Rendering Math in Astro MDX with KaTeX: Two Problems and How to Fix Them
Getting KaTeX math to render correctly in Astro MDX is not as simple as adding remark-math and rehype-katex. Two distinct problems appear: math that renders as raw text due to missing CSS, and display math that centers itself against your layout. Here is what caused each one and how to fix both.
This post is a draft. The workaround described here is confirmed working but the root cause has not been fully traced upstream. A standalone GitHub reproduction is planned before filing an issue. A standalone GitHub reproduction is planned to isolate the root cause before filing an issue against @astrojs/mdx.

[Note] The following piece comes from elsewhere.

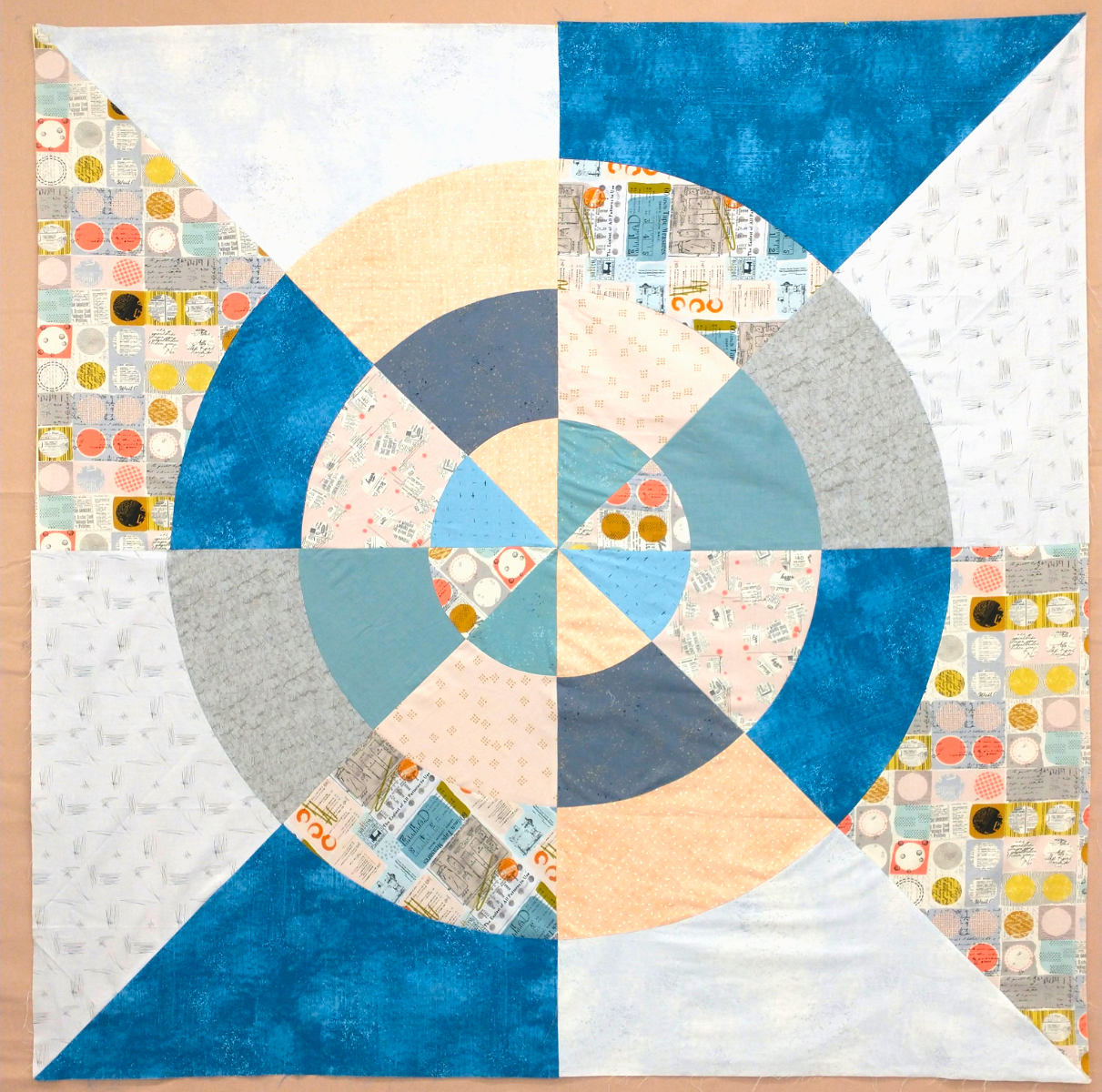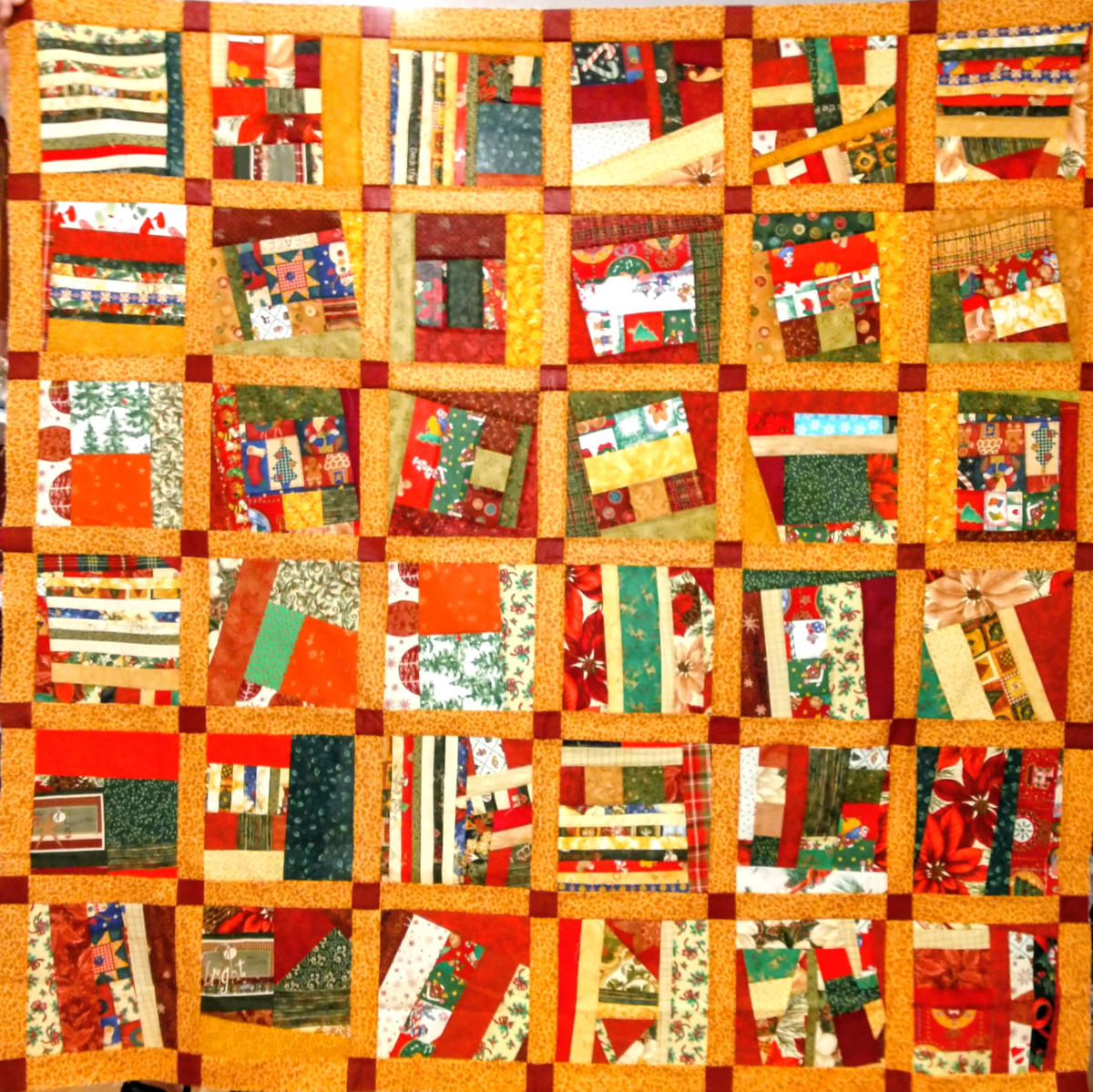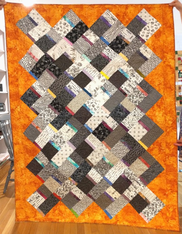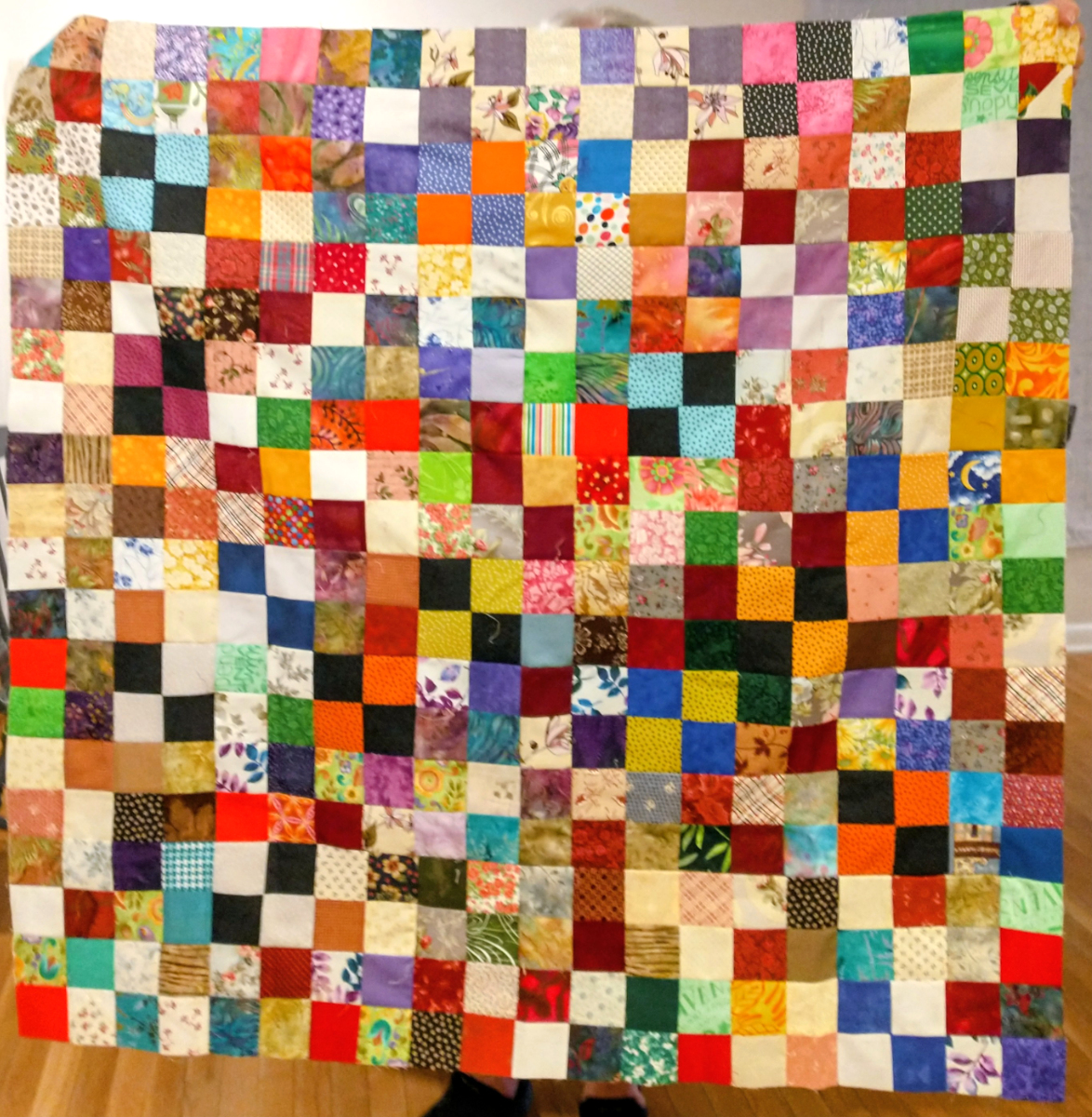 I very much enjoyed the process. The blocks are fairly complicated to make, so it wasn’t just a mindless task, and there was the fun of all the various fabrics. It was possible to chain piece, so I was able to listen to a book while sewing. Due to the complexity of the blocks I did make a couple of mistakes along the way, but those blocks just went into the orphan block bin. And the blocks were made from leftover fabric anyway, so no worries.

I was adding a series of mathematics posts to this blog (gradient descent, entropy, SVMs) and the LaTeX was not rendering. After fixing that, the display math blocks were centering themselves despite my layout being left-aligned. Neither problem had a single obvious cause. This post documents what was happening in each case and the exact steps used to diagnose and fix both.
The Setup
The standard approach for math in Astro is two packages:
npm install remark-math rehype-katex
Versions used in this post:
| Package | Version |
|---|---|
| astro | 6.3.7 |
| @astrojs/mdx | 5.0.6 |
| remark-math | 6.0.0 |
| rehype-katex | 7.0.1 |
| unist-util-visit | 5.1.0 |
For plain .md files, this works out of the box:
// astro.config.mjs
markdown: {
remarkPlugins: [remarkMath],
rehypePlugins: [rehypeKatex],
}
For .mdx files, you need to add the plugins explicitly to the MDX integration and set extendMarkdownConfig: false, otherwise the MDX pipeline does not inherit them:
mdx({
extendMarkdownConfig: false,
remarkPlugins: [remarkGfm, remarkMath],
rehypePlugins: [rehypeKatex],
}),
With this in place, $x^2$ and $$\nabla f$$ should render. They did not.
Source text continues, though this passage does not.